The following table presents the effect of cash flow hedge accounting on accumulated other comprehensive income for the six months ended June 30, 2021:
(dollars in thousands)Amount of Gain (Loss) Recognized in OCI on DerivativeLocation of Gain (Loss) Reclassified from OCI into IncomeAmount of Gain (Loss) Reclassified from OCI into Income
Interest rate swaps$176 Interest Income$599 

During the next twelve months, the Corporation estimates that $679 thousand will be reclassified from OCI as an increase to interest income.
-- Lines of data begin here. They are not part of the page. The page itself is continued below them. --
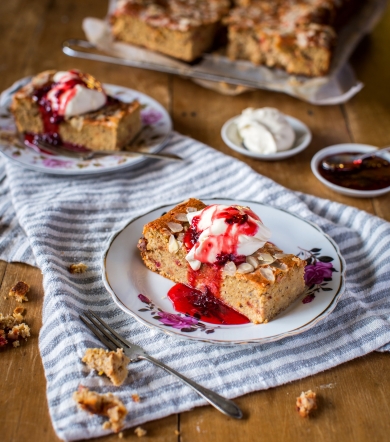 To make the cake – preheat an oven to 160°C. Beat the ricotta, eggs yolks, vanilla extract, beetroot juice, lemon juice, cocoa and sugar with an electric mixer until smooth. Stir in the almond meal, hazelnut meal, grated beetroot and lemon zest and mix well to combine. In a separate bowl- whisk the egg whites to form soft peaks. Fold in a third of the eggs whites to loosen, then gently fold through the rest. Spread into a suitable, lined cake tin and sprinkle over the flaked almonds. Bake for about 1 hour or until a skewer comes out clean. Allow to cool completely.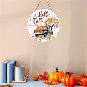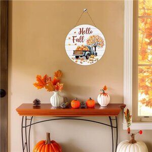 You will get: You will receive 1 piece of fall decorations for home, full of fall elements such as maple leaves, pumpkins, and a truck full of pumpkins, printed with the "Hello Fall" sign, the orange color that symbolizes fall and harvest, full of fall vibes, perfect for decorating your home for fall and Thanksgiving, creating a vibrant atmosphere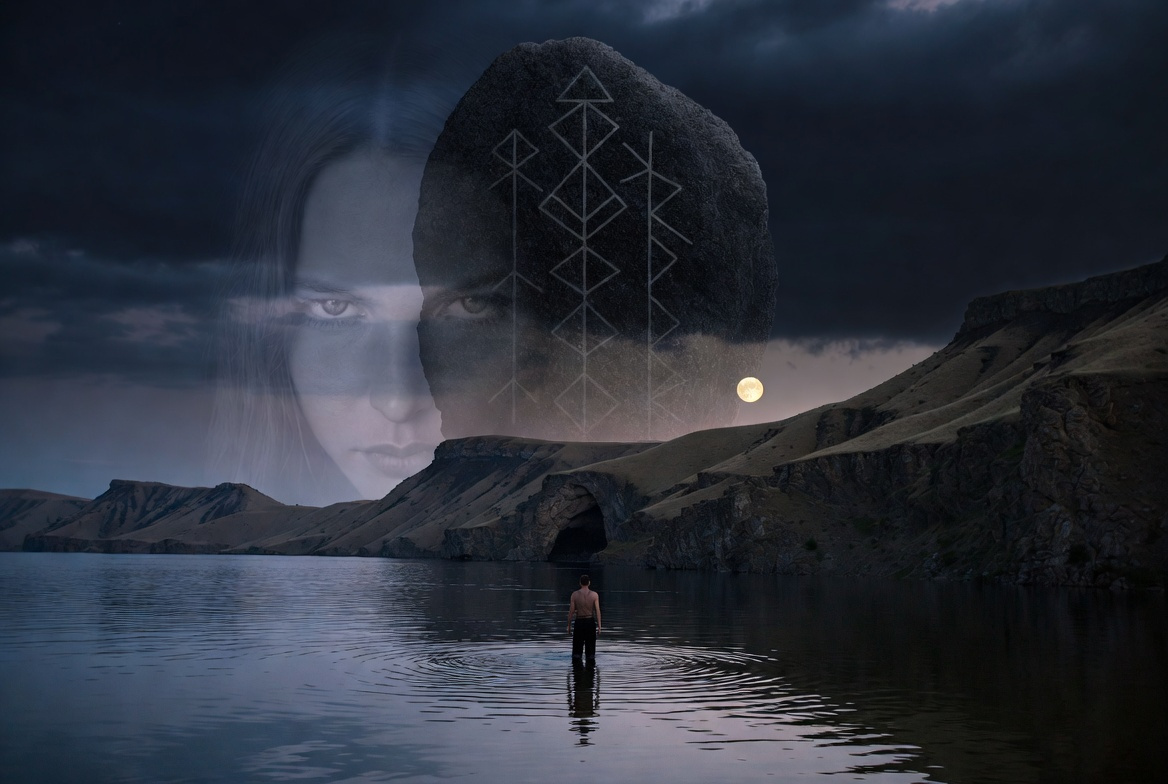 И тогда камень засветился. Ярко, зелёным. Пещера наполнилась туманом. Из тумана вышла фигура. Женская. Высокая. Волосы — как водоросли. Лицо — красивое, но старое, очень старое.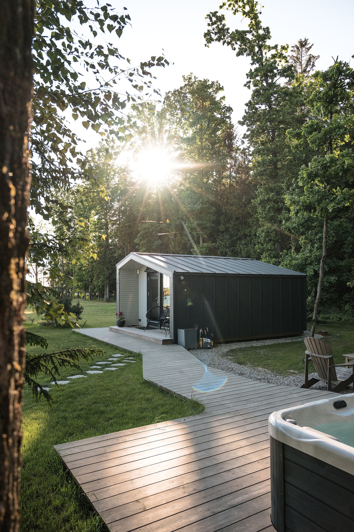 This is an unique space to rest in forest, away from the city lights and people. Tiny house (16sq. meter) is located in a private area, 60 meters from the small lake which is known for its extremely beautiful colored water. Private forest is five steps away from the terrace. Outside hot tub with the view to the forest is a magnificent experience. House and outside area is fully equipped for a convenient and relaxing stay.

Gains and losses on interest rate swaps related to funding liabilities are recorded in interest income. To the extent these derivatives are effective in offsetting the variability of the hedged cash flows, changes in the derivatives’ fair value will not be included in current earnings but are reported as a component of OCI in the Unaudited Consolidated Statement of Changes in Shareholders’ Equity. These changes in fair value will be included in earnings of future periods when earnings are also affected by the changes in the hedged cash flows. To the extent these derivatives are not effective, changes in their fair values are immediately included in other income or expense.

C.Pledged Collateral

The Corporation has International Swaps and Derivatives Association agreements with third parties that requires a minimum dollar transfer amount upon a margin call. This requirement is dependent on certain specified credit measures. The amount of collateral posted with third parties at June 30, 2021 and December 31, 2020 was $82.5 million and $124.8 million, respectively, and is comprised of a combination of cash and investment securities. The amount of collateral posted with third parties is deemed to be sufficient to collateralize both the fair market value change as well as any additional amounts that may be required as a result of a change in the specified credit measures. The aggregate fair value of all derivative financial instruments in a liability position with credit measure contingencies and entered into with third parties was $78.9 million and $113.2 million as of June 30, 2021 and December 31, 2020, respectively.